*What you have to do*
Only what runs from the line with "Lot 6 (72 Total" to the end of the data should appear in the answer, exactly as written and without pictures.

*Data excerpt*
>>

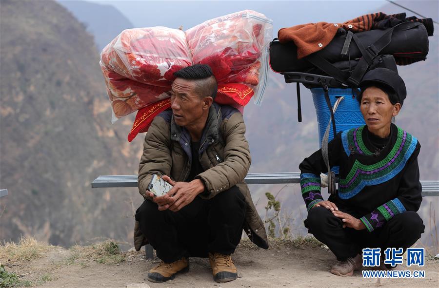 5月13日,莫色达体夫妇背着行李在下山途中休息,不时回头向村子仰望几眼。 新华社记者 江宏景 摄
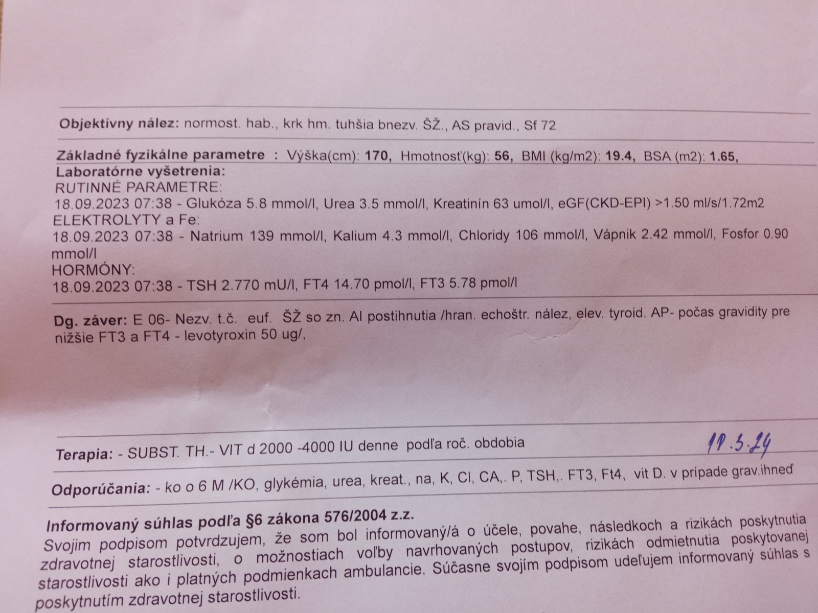 No ale podla vysledkov Ti nemaju preco dat lieky, hormonov mas dost, TSH mas v norme.
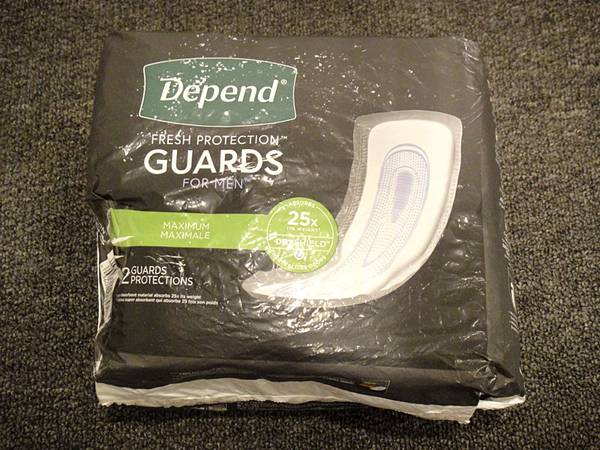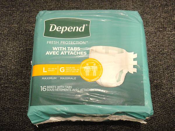 Lot 6 (72 Total Undergarments & Guards): 2 Depend Maximum Fresh Protection Underwear with Tabs (16-Count + 11-Count Open Bag / Size L) + 1 Depend Maximum Fresh Protection Guards for Men (45-Count Open Bag / Size Reg) – PRICE = $30 for 72
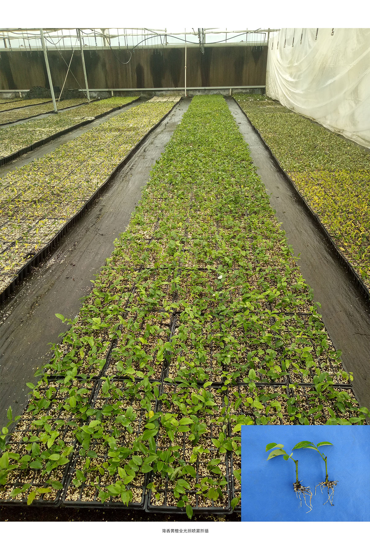 全光照噴霧扦插技術(shù)具有生根期短、成活率高和操作簡單等優(yōu)點。研究院已建立了桂花、冬青、降香黃檀、新優(yōu)宿根植物等數(shù)百種植物的全光照噴霧扦插技術(shù)體系,年度育苗量200多萬。

<<

*Finished exercise*
 Lot 6 (72 Total Undergarments & Guards): 2 Depend Maximum Fresh Protection Underwear with Tabs (16-Count + 11-Count Open Bag / Size L) + 1 Depend Maximum Fresh Protection Guards for Men (45-Count Open Bag / Size Reg) – PRICE = $30 for 72
 全光照噴霧扦插技術(shù)具有生根期短、成活率高和操作簡單等優(yōu)點。研究院已建立了桂花、冬青、降香黃檀、新優(yōu)宿根植物等數(shù)百種植物的全光照噴霧扦插技術(shù)體系,年度育苗量200多萬。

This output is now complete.